DirecTV Again Dragged into Court over Accusations of Deceptive Advertising

In 2014, AT&T offered to purchase DirecTV for approximately $67 billion in total compensation – $48.5 billion in cash and stock, plus an assumption of DirecTV’s $18.6 billion in total debt. Click here. Some believe that this deal was predicated on AT&T’s desire to be able to stream DirecTV’s content to AT&T’s wireless customers. Click here. However, this deal has hit a major bump in the road as the Federal Trade Commission (hereinafter “FTC”) has brought a complaint against the satellite television provider for deceptive advertising. Click here.
The complaint, brought in U.S. District Court in the Northern District of California after receiving a unanimous vote of approval from the FTC, alleges that several of DirecTV’s advertising practices are deceptive. Click here.

Specifically, the FTC alleges that, since 2007, DirecTV has inadequately notified customers that its twelve-month promotional offer requires a minimum contract of two years, which includes a $480 early cancellation fee; that the cost of the service increases by up to $45 per month in the second year of the contract; that its offer of three free months of premium movie channels includes an automatic charge to the customer’s account upon completion of the trial period, unless the customer calls in and cancels the package; and other similarly devious practices. Click here.

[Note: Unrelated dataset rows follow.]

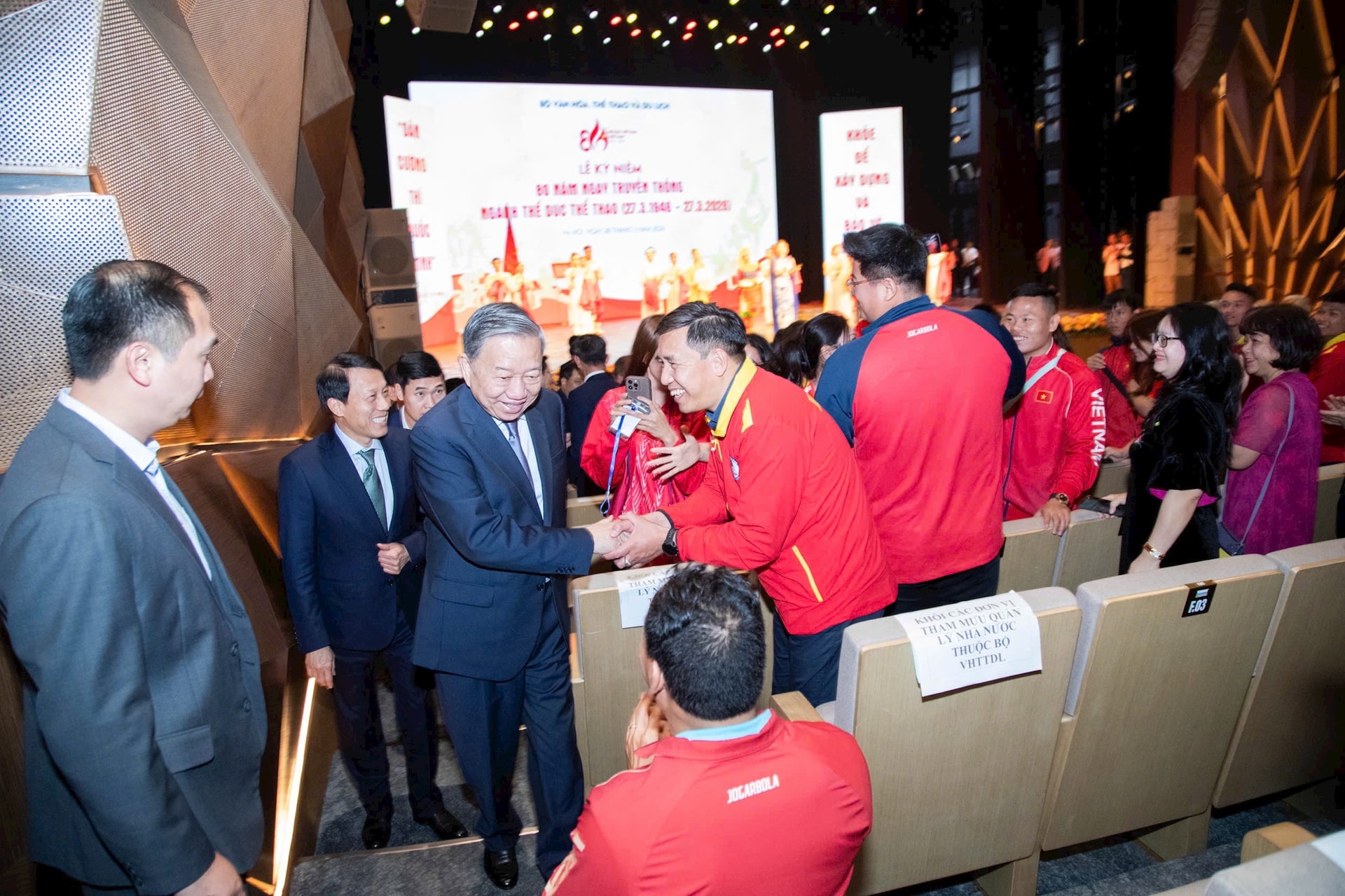Tổng Bí thư Tô Lâm thăm hỏi các vận động viên, huấn luyện viên tại buổi lễ. Ảnh: Ngọc Tú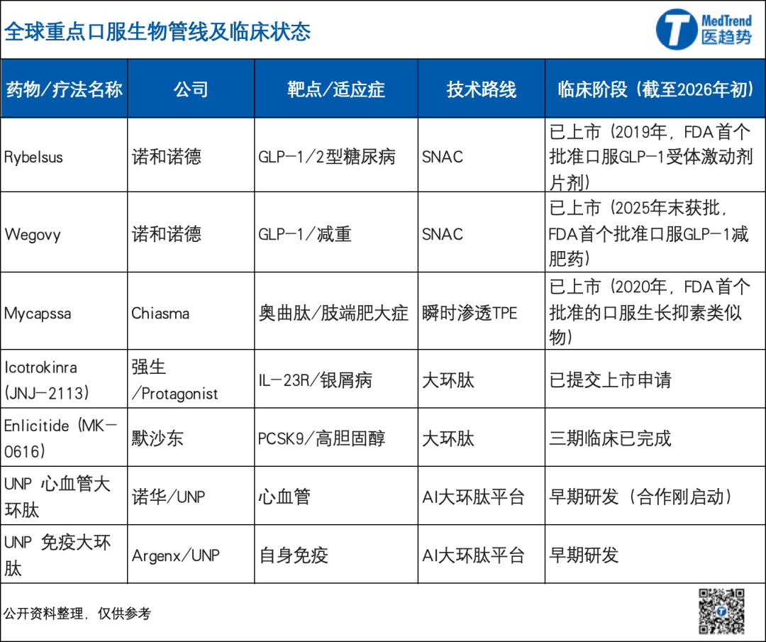 從技術演進周期來看,2026年或許正處在口服生物藥「規模化爆發前夜」。中國並未缺席,當前國內已有至少15家企業佈局口服GLP-1製劑研發,從分子改造到吸收增強劑再到新型遞送系統,不再只是簡單的跟隨者。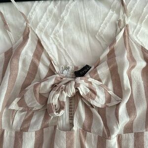 White&Tan stripped sundress with tie and small cutout at chest area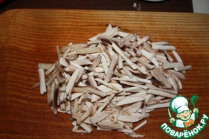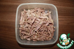 Мясо должно быть очень хорошо проваренным. Его можно порвать по волокнам или нарезать длинными палочками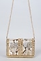 Featuring a green and gold clutch in vegan leather base with metal lace embellishments. It has a satin lining.
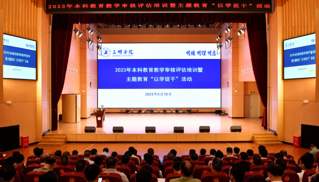 5月10日,yl6809永利官网2023年本科教育教学审核评估培训暨主题教育“以学促干”活动艺术楼音乐厅举办全体在家校领导出席培训会

Although no specific legal basis is cited in the FTC’s complaint, click here, it will likely base its claim on the Federal Trade Commission Act, which bars “unfair or deceptive acts or practices in or affecting commerce[.]” Click here. The FTC’s Bureau of Consumer Protection is charged with stopping “unfair, deceptive and fraudulent business practices by collecting complaints and conducting investigations, suing companies . . . that break the law, [and] developing rules to maintain a fair marketplace[.]” Click here. If found guilty, DirecTV could be enjoined from any practices deemed to be deceptive. Click here. Or, if charged civilly, the company could be liable for up to $10,000 for each violation. Click here. The scope of such a holding could be staggering, given that DirecTV has over 20 million subscribers, each potentially having a legitimate claim. Click here.
Unfortunately for DirecTV, and perhaps for its customers, this recent complaint is not the first deceptive advertising claim against the company. In 2008, public interest activist group Consumer Watchdog, click here, sued DirecTV on behalf of its customers, seeking to enjoin the company from enforcing its early cancellation fee. Click here. This case remains unresolved, with DirecTV petitioning to the United States Supreme Court to review the matter. Click here.

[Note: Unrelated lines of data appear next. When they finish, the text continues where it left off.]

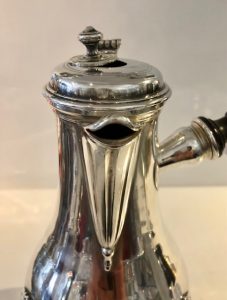 Jolie chocolatière, en argent massif, tripode avec mantelet pour recevoir un moussoir permettant de remuer le délicat breuvage.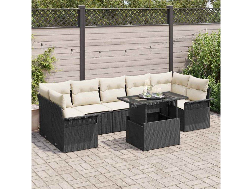 Sada zahradních pohovek s polštářem 8 pcs Černá Poly ratan 3348233
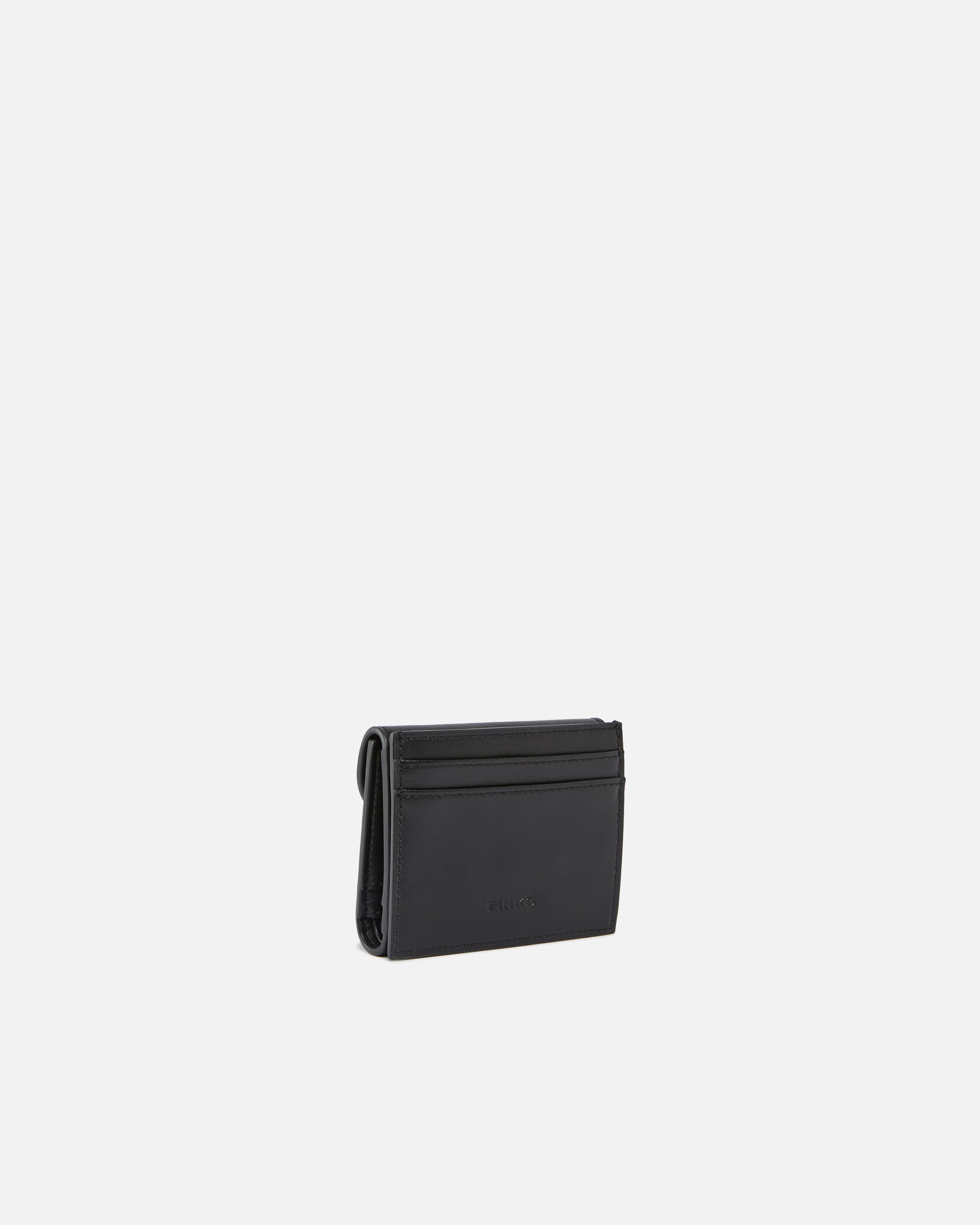 Compact wallet in soft leather with a square shape. This style, equipped with wall pockets on the back and various internal compartments, pays tribute to the inimitable style of the brand through elegant metal rings that form the PINKO lettering logo and complete the flap fastening. Activate your PINKO accessory: verify the authenticity of your product and access a personalised experience by scanning the Love Birds embroidery on the back with your smartphone! - SADDLE WALLET

If the FTC’s complaint, or the Consumer Watchdog lawsuit for that matter, results in liability on the part of DirecTV, AT&T’s anticipated purchase will likely be placed “under greater scrutiny.” Click here. This is particularly significant because, prior to the FTC action, the Federal Communications Commission unequivocally approved of the deal, primarily because the two companies are not direct competitors. Click here. Even more significant, however, may be the precedential value such a case would carry. Erik Brannon of IHS Technology stated that advertising practices such as these have become the industry norm. Click here. If that is true, DirecTV, as well as its competitors such as Comcast and Time Warner Cable, will have to be more consumer-friendly in what they include in the fine print of their advertisements, as well as in what information they make more readily apparent. Click here. For consumers, this would constitute a significant victory.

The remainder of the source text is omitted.